You could also try symmetry expansion, then 3DVA with a mask on the jumbled region. Or try a global mask to identify areas undergoing conformational change then classify with a mask on that region in Class3D. Once you have separation, remove duplicates (symmetry unexpand) and refine in C1.
@user123 Heterogenous refinement with C2 enforced is working! But I’ve had to play around with # of classes + number of times I repeat each round of heterogenous refinement. I’ve tried 3, 4, 5 classes. In each case, I take the output volumes of each run of the refinement as input volumes for the next run. 3 runs with 4 classes has worked better than 3 runs with 3 classes. Currently on the 3rd with 5 classes. (Each time, I get 2 classes with distinct conformational differences, and after a homogenous refinement with C1, the maps stay C2. There are more conformations still I think that I am not sure if I will be able to resolve/push to high resolution with the current data but this is at least a very good start).
Very cool, glad you found a strategy that works! I wonder if instead of multiple rounds, you could increase the number of classes, or increase the batch size per class (maybe 3000 or 5000?) and/or increase the number of final full iterations.
I second everything said by @user123! I think especially if this membrane protein is small, and the asymmetric domain B is small, aligning all particles to a common reference and then trying local classification w/o alignment with a mask on the domain B (or whatever is the dissimilar region) would be a good strategy – this way you can avoid the issue where there isn’t enough signal to fit the euler angles, and hopefully the classification can pick out distinct conformations.

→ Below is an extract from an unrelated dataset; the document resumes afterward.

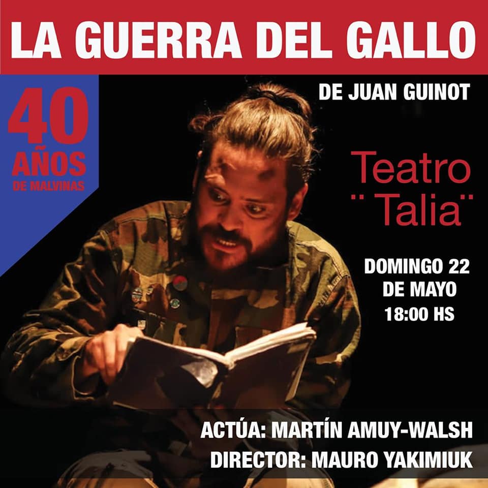 La cartelera del mes que está pronto a iniciarse continúa el domingo 22 de mayo, 18 horas, con la obra escrita por Juan Guinot. En el marco de los 40 años de la Guerra de Malvinas, el actor Martín Amuy-Walsh protagoniza «La Guerra del Gallo».
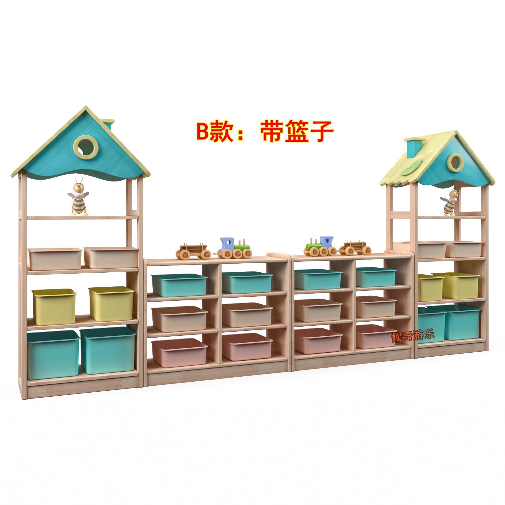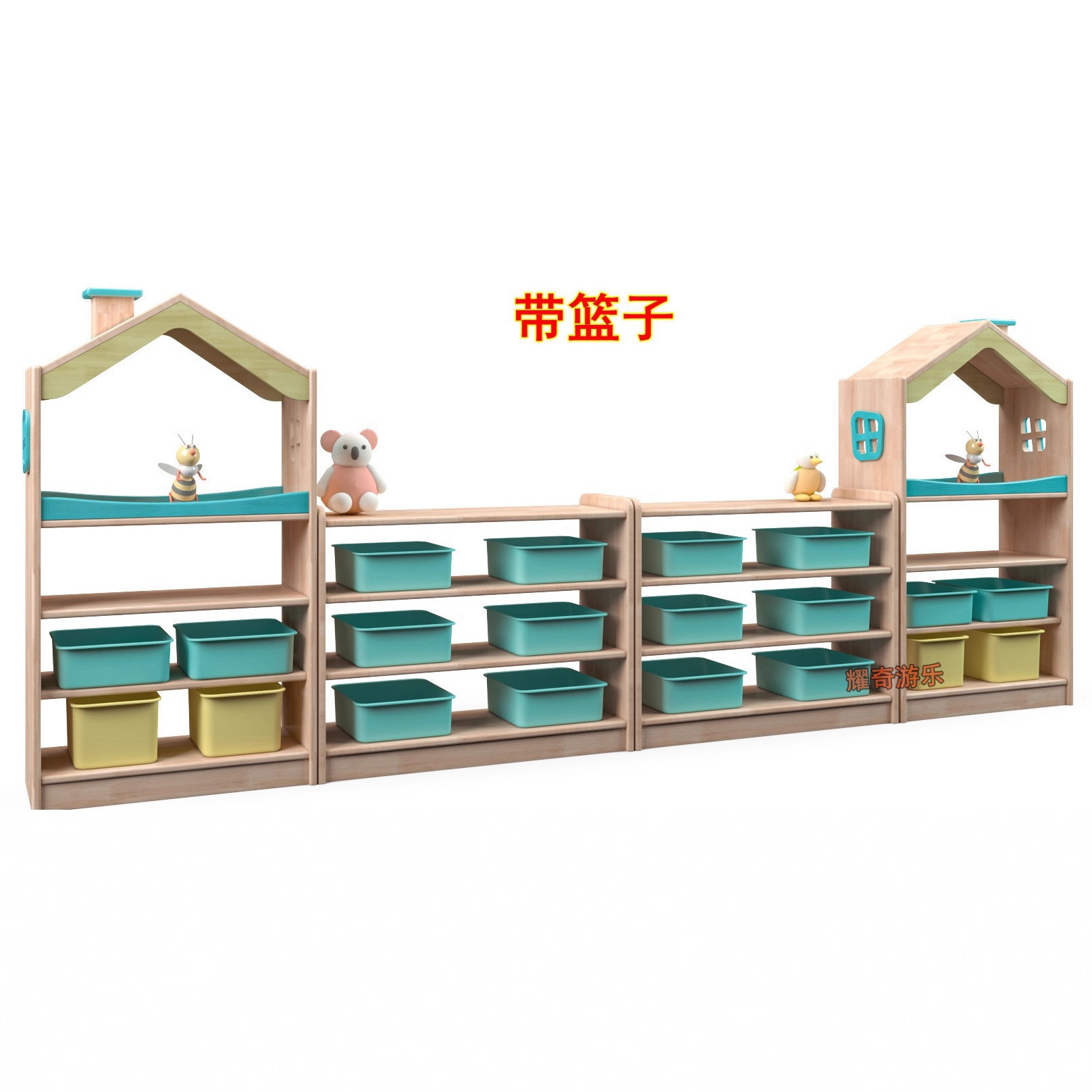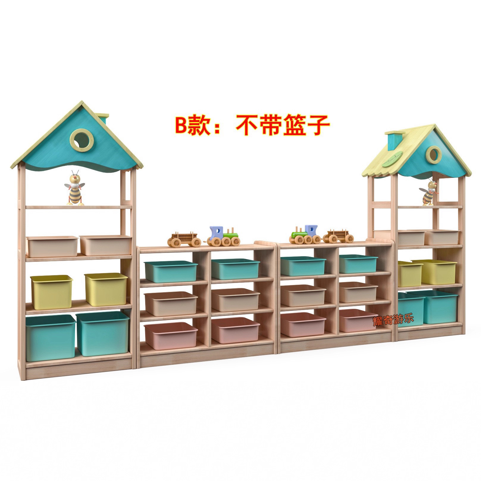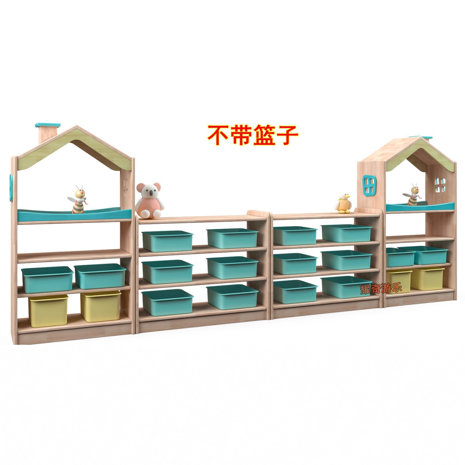 【品名】:橡胶木组合教具柜(价格不含柜子上的玩具)

You can also try a similar procedure using the cluster mode of 3DVA.
I wouldn’t recommend moving onto local refinement until you are happy with separating out the distinct states via local classification – local refinement really does assume that there is one structure in the images, just with two separate regions with limited degrees of freedom of motion between them.

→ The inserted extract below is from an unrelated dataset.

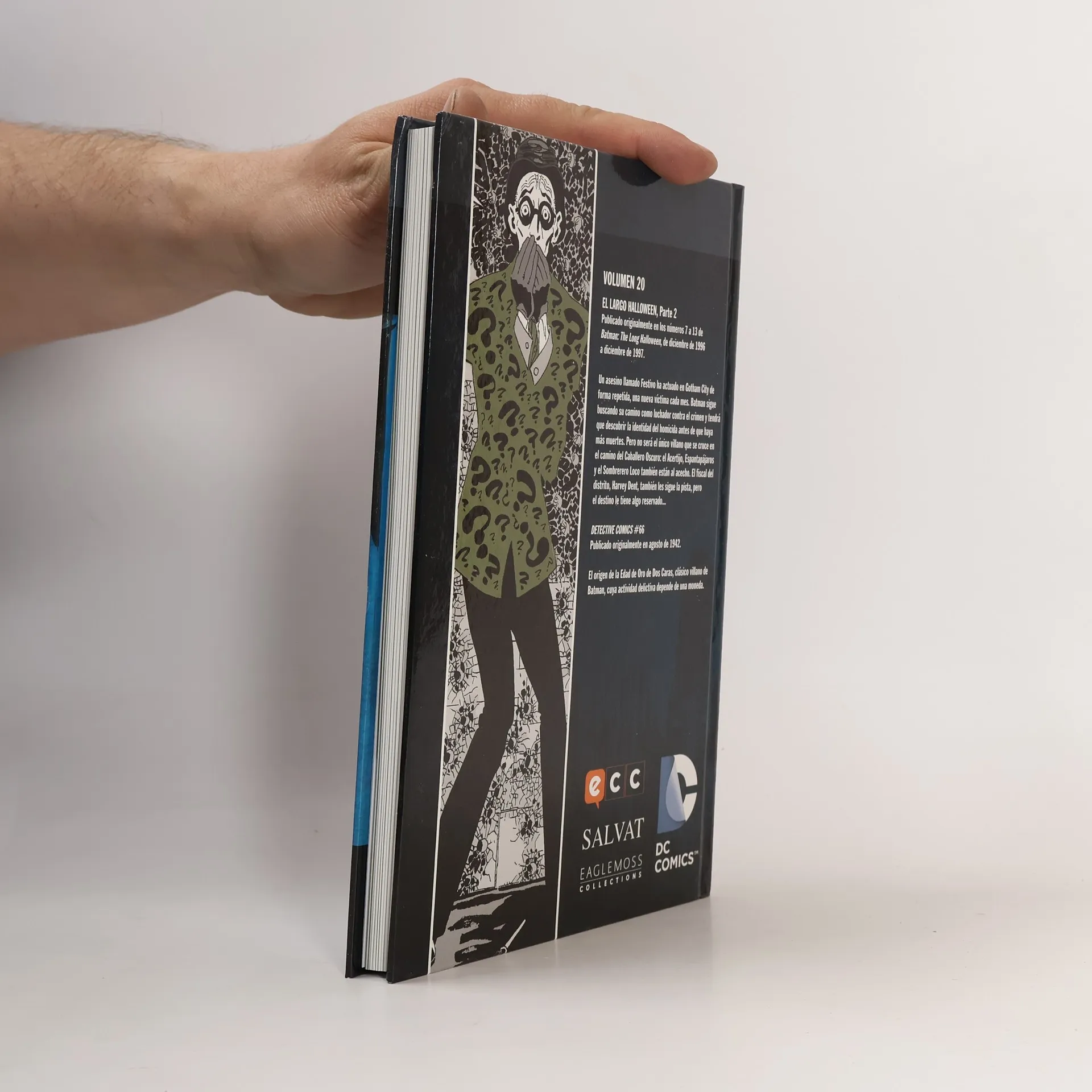 <b>VOLUMEN 20</b> <i>EL LARGO HALLOWEEN</i>, Parte 2 Publicado originalmente en los números 7 a 13 de <i>Batman: The Long Halloween</i>, de diciembre de 1996 a diciembre de 1997. Un asesino llamado Festivo ha actuado en Gotham City de forma repetida, una nueva víctima cada mes. Batman sigue buscando su camino como luchador contra el crimen y tendrá que descubrir la identidad del homicida antes de que haya más muertes. Pero no será el único villano que se cruce en el camino del Caballero Oscuro: el Acertijo, Espantapájaros y el Sombrerero Loco también están al acecho. El fiscal del distrito, Harvey Dent, también les sigue la pista, pero el destino le tiene algo reservado... <i>DETECTIVE COMICS</i> #66 Publicado originalmente en agosto de 1942. El origen de la Edad de Oro de Dos Caras, clásico villano de Batman, cuya actividad delictiva depende de una moneda.

A related question and feature request. A symmetric protein with C5 has a single asymmetric protein bound on the C5 axis resulting in pseudosymmetry. Local refinement with a single masked unit requires very large angles and shifts to align properly the minor differences. Could local refinement include an option to perform the large rotate and shift about the symmetry axis and then finer rotation and shift for subsequent alignments? That way all particles will align properly in C1.
Hi @MHB - If I am understanding correctly, I think what you are requesting is “symmetry-relaxed” refinement - essentially multimodal local search, where the region around all of the (pseudo)-symmetrically related orientations for each particle is searched. I am all in favor, and have requested the same in the past. I believe some implementation of it is on the roadmap.

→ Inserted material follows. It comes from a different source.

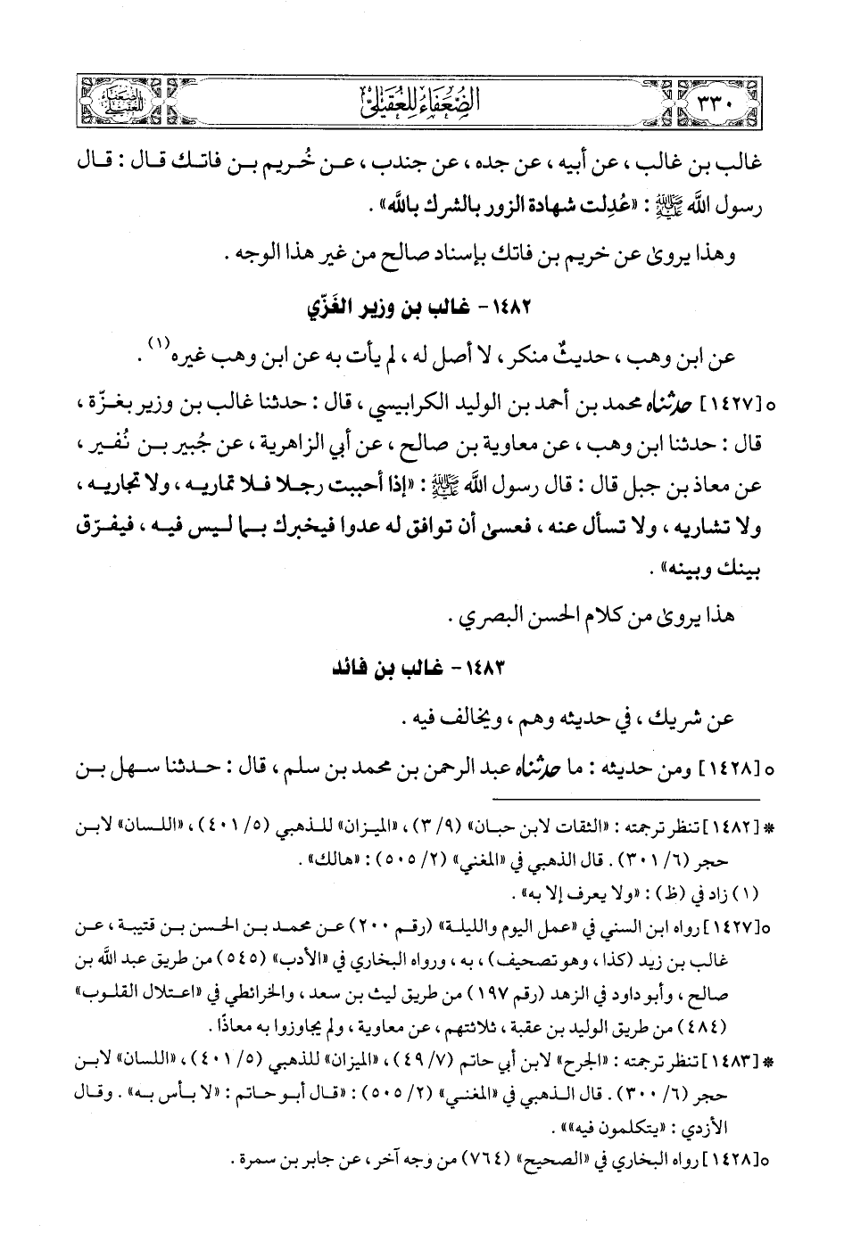 (4) * [1483] تنظر ترجمته: «الجرح» لابن أبي حاتم (7/ 49)، «الميزان» للذهبي (5/ 401) , «اللسان» لابن حجر (6/ 300). قال الذهبي في «المغني» (2/ 505): «قال أبو حاتم: «لا بأس به». وقال الأزدي: «يتكلمون فيه»».

In the meantime, the best way I have found to deal with this is 3D classification without alignments, after refinement in the higher symmetry (with or without symmetry expansion). If the 5 orientations of your asymmetric guest can be separated, they can then be rotated appropriately to match each other using Volume Alignment Tools, and then combined for local refinement in C1.
Yes correct, symmetry-relaxed refinment would be ideal. The assymetric “guest” is quite small and 3D classification has not yielded great results so far. Maybe will attempt volume alignment with several alighnments followed by local refine. thanks
The other option I would consider is to export the particle set after C5 refinement, and try refinement in Relion starting from local angles, with symmetry relaxation enabled (maybe with the use of the SIDESPLITTER plugin if it is a membrane protein).
For 3D classification in cryoSPARC, in similar cases we have had success increasing the batch size (up to 10000) and epochs (to 50), and trying with or without “force hard classification” switched on, as well as varying the initial learning rate and expected class similarity.